■ **Exercise requirements**: Going from the top of the data below, give again each line through the one containing "Đồng chí Quản", both ends kept.

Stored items

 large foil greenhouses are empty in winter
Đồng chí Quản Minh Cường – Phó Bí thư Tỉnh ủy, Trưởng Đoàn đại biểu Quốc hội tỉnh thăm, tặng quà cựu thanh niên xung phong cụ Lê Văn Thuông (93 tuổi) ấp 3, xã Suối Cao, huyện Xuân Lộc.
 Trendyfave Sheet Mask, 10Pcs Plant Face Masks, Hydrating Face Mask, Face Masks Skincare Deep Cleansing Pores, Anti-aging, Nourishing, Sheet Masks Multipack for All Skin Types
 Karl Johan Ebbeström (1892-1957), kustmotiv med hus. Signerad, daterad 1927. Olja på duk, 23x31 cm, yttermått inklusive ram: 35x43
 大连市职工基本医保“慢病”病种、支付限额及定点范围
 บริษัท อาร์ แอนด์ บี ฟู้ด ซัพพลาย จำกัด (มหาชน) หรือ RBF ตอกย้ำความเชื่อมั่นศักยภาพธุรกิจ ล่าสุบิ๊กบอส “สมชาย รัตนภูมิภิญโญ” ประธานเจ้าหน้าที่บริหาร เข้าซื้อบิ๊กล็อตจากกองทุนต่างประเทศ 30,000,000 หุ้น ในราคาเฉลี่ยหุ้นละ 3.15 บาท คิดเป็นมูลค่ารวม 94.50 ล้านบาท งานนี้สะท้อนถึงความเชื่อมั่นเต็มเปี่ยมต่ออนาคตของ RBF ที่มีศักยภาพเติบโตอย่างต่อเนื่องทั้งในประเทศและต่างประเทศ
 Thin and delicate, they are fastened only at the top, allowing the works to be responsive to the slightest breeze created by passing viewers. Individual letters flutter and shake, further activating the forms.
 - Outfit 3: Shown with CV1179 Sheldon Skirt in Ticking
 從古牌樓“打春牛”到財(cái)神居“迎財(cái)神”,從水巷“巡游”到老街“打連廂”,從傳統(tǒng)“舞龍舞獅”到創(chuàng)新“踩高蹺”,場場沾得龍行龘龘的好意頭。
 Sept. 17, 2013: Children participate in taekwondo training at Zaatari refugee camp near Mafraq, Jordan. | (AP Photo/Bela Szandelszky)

■ **Result below**:
 large foil greenhouses are empty in winter
Đồng chí Quản Minh Cường – Phó Bí thư Tỉnh ủy, Trưởng Đoàn đại biểu Quốc hội tỉnh thăm, tặng quà cựu thanh niên xung phong cụ Lê Văn Thuông (93 tuổi) ấp 3, xã Suối Cao, huyện Xuân Lộc.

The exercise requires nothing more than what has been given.